Retype only the lines below from the one with "Geniş Kalıp , Dokuma" to the one with "Red ware . |", inclusive, skipping every image.

**Data**
((

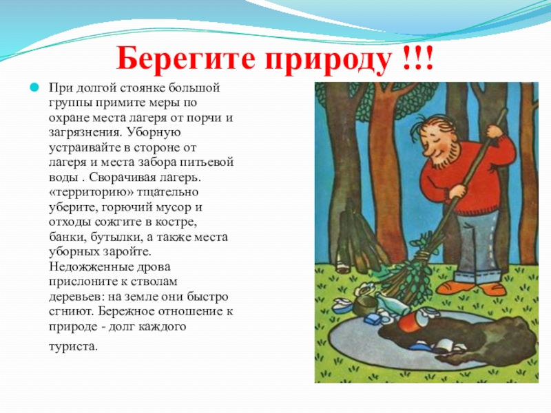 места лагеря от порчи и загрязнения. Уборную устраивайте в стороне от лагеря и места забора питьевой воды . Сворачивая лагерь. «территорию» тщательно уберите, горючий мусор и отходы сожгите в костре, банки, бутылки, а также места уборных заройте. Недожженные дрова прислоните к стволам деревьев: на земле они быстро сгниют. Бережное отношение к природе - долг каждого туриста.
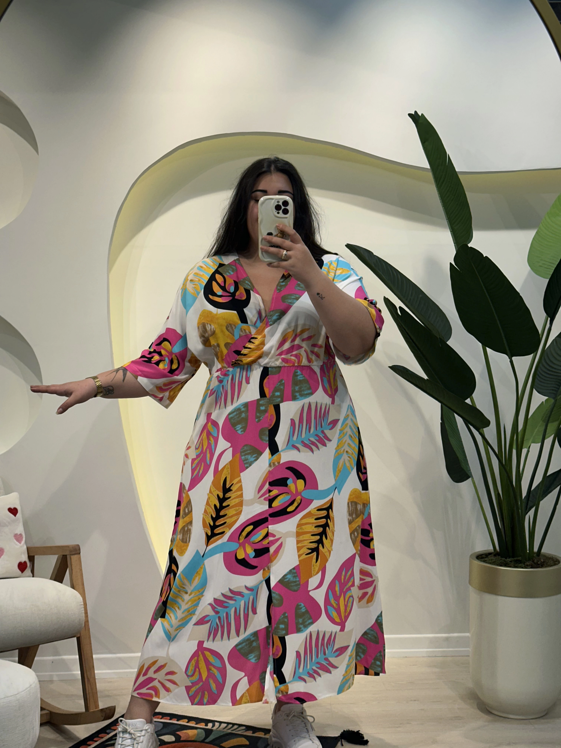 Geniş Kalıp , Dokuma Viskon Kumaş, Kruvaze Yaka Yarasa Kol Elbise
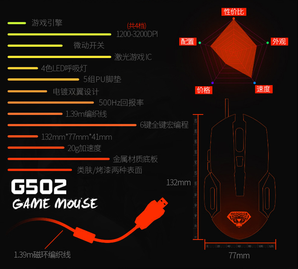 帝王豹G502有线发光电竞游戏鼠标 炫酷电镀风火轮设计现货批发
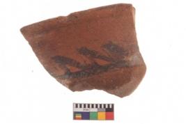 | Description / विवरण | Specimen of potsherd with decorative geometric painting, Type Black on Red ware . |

))
((

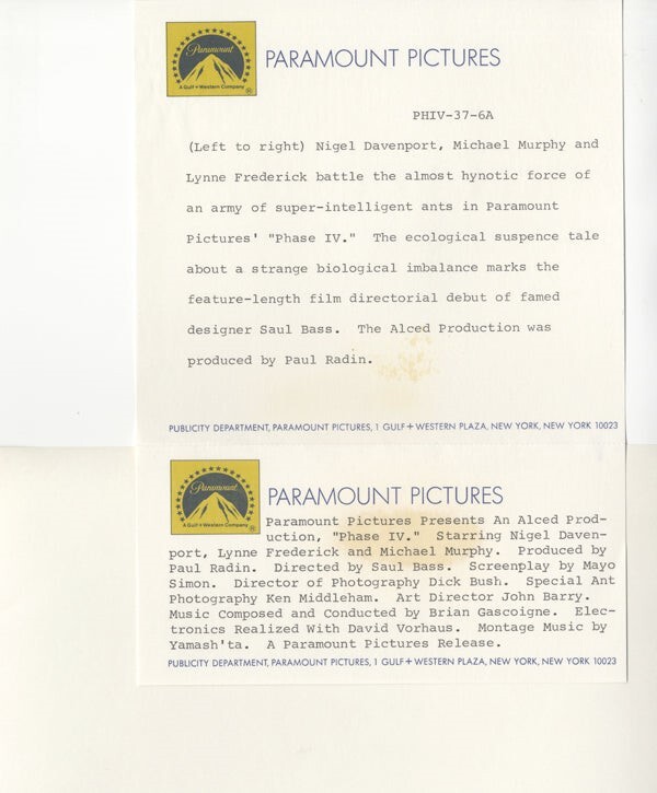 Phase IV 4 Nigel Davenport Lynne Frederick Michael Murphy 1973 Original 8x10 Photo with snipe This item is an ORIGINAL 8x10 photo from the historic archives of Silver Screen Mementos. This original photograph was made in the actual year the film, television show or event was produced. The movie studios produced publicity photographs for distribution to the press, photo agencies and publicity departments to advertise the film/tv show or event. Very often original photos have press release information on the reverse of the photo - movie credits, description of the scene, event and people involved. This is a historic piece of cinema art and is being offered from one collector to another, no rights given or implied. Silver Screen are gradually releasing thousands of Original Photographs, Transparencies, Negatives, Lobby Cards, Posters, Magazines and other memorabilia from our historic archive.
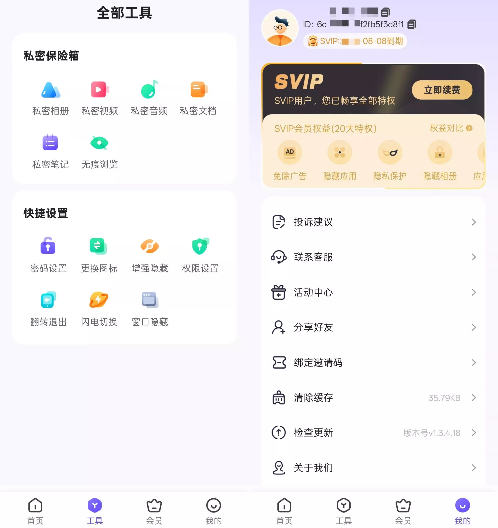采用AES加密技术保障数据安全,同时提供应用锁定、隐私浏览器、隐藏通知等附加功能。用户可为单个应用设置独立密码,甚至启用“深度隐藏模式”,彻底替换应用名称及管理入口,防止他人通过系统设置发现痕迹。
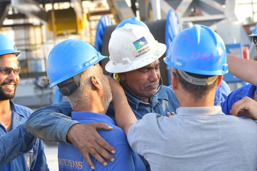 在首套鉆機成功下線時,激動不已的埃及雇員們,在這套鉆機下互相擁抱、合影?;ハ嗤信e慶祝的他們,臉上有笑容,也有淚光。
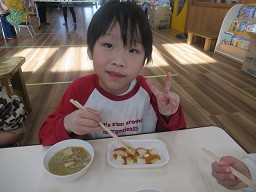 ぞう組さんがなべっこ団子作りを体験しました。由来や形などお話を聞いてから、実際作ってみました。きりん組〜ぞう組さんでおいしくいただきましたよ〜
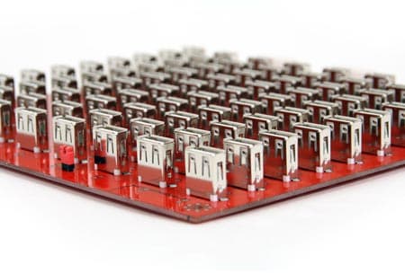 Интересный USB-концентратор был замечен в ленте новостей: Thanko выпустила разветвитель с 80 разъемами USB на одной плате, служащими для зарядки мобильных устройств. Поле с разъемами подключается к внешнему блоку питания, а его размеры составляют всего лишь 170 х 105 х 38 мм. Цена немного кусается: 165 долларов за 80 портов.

))

**Written response**
 Geniş Kalıp , Dokuma Viskon Kumaş, Kruvaze Yaka Yarasa Kol Elbise
 帝王豹G502有线发光电竞游戏鼠标 炫酷电镀风火轮设计现货批发
 | Description / विवरण | Specimen of potsherd with decorative geometric painting, Type Black on Red ware . |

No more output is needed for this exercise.